Once the cursed thing was hanging where it was supposed to, it became a simple matter then of Mr. Big just clicking the pieces of the chimney flue back together on up through the bedroom upstairs, up into the rafters and then connecting the flue to the part that sticks out of the roof. Well, that was the plan anyway, but as so often happens in the Land of Mr. Big, something went awry. The poor man was short about 3 feet of tubing due to, ahem, a miscalculation that his engineering-self will still not admit to.
Me: So, does this mean I can’t light a fire?
Him: Honey. Can you not see the 3 feet of empty air in Small Son’s bedroom where the two ends of the pipe are not touching each other? If you light a fire right now, you will burn the house down.
Me: Well, technically, no. One cannot SEE empty air, can one? Is this situation Duct Tape fixable?
Him: Please help me, Dear Lord, to not strangle my wife on this or any other day.
To make a long story less long, it took another week to get the right parts. Finally, two days before the kids LEAVE, we are ready to light a fire. We all stand around basking in the magnificence that is the new fireplace that spins oh-so-gloriously, (note that we are standing because the lounge chairs that are supposed to go around this wonder are on backorder), as Mr. Big puts match to kindling.
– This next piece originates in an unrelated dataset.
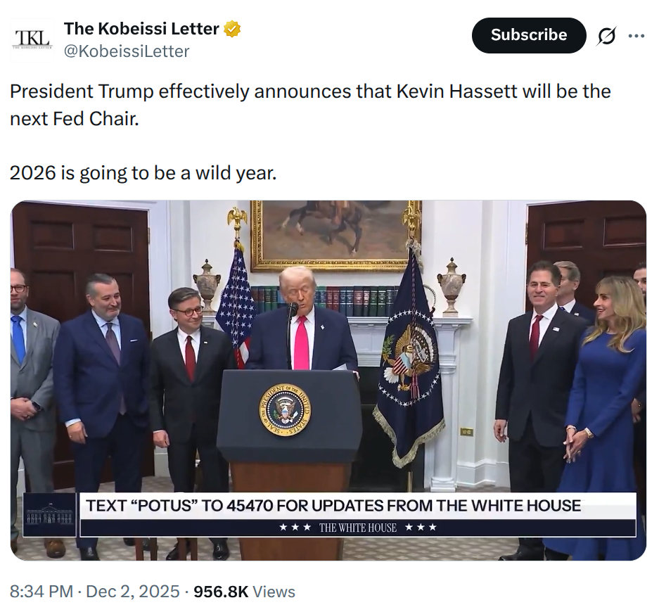 Spekulationen, dass Kevin Hassett die Fed mit einer gemäßigteren, risikofreudigeren Haltung übernehmen könnte, sind genau die Art von Makroverschiebung, die Krypto liebt. Trump nennt ihn namentlich, als wäre es ein Reality-TV-Casting. Wenn Hassett den Zuschlag erhält, müssen Sie sich auf einen Liquiditäts-Tsunami einstellen. Oder ein Müllcontainerbrand. So oder so, Krypto ist auf einer Achterbahnfahrt. 🎢

Oooh! Aaaah! It’s so cool! But, wait. What is all that black smoke pouring out into the room? And, why does it appear to be, well, there’s no other way to say it, MELTING?
As Small Son runs for cover into the kitchen with his shirt pulled up over his nose to get away from the noxious fumes emanating from the fireplace that he is convinced are going to turn him sterile or worse, Charming Daughter steps up to assess the problem. Remember, Charming Daughter works for a giant paint company and she is the Queen of Coatings.
“Hmm,” she says. “I believe you have a faulty primer coat here. See, see all of these bubbles on the outside? See how they are popping and I can just rub away the paint off with my finger? The manufacturer didn’t use a high enough heat-resistant paint. You got gypped, Dad. You shoulda called me before you bought this thing.”
By now poor Mr. Big’s eyes were bulging out of his skull. He had both of my oven mitts on his hands, (because this sucker was HOT) and he was poking and smearing and cursing. Oh, was he cursing. GET THE CAMERA, TRAILING SPOUSE!!! DOCUMENT THIS, THIS *&%*$ PIECE OF %$#* FIREPLACE! THESE $%*&@S ARE GETTING AN EMAIL FROM ME LIKE THEY HAVE NEVER SEEN BEFORE!
I’m sure he scared the living beejayzus out of Small Son’s and Charming Daughter’s girlfriend and boyfriend. No doubt they went home and told their parents, “The skiing was great but the Dad is a lunatic”. To try and distract them from the meltdown of both the fireplace and my husband, I had all the kids go around and open the windows to air out the house. So much for the marshmallow roasting I had planned. That would just be the icing on the cake to send them home with a nice case of esophageal cancer from consuming toxic marshmallows.
I’ll keep you updated on what, if anything, Mr. Big hears back from his ranting email. Lawd knows if they even understood it. Mr. Big runs all of the emails that he sends to French and Swiss people through Google Translate to magically turn them into French before he sends them. I have tried to tell him that Google Translate is notorious for getting things wrong, so we’ll see. For all we know, the fireplace company thinks he has some problem with his shirt (chemise) and not his fireplace (cheminee). If he gets a free shirt in the mail, I fear for his sanity.
****I, of course, have no actual knowledge of Swiss German.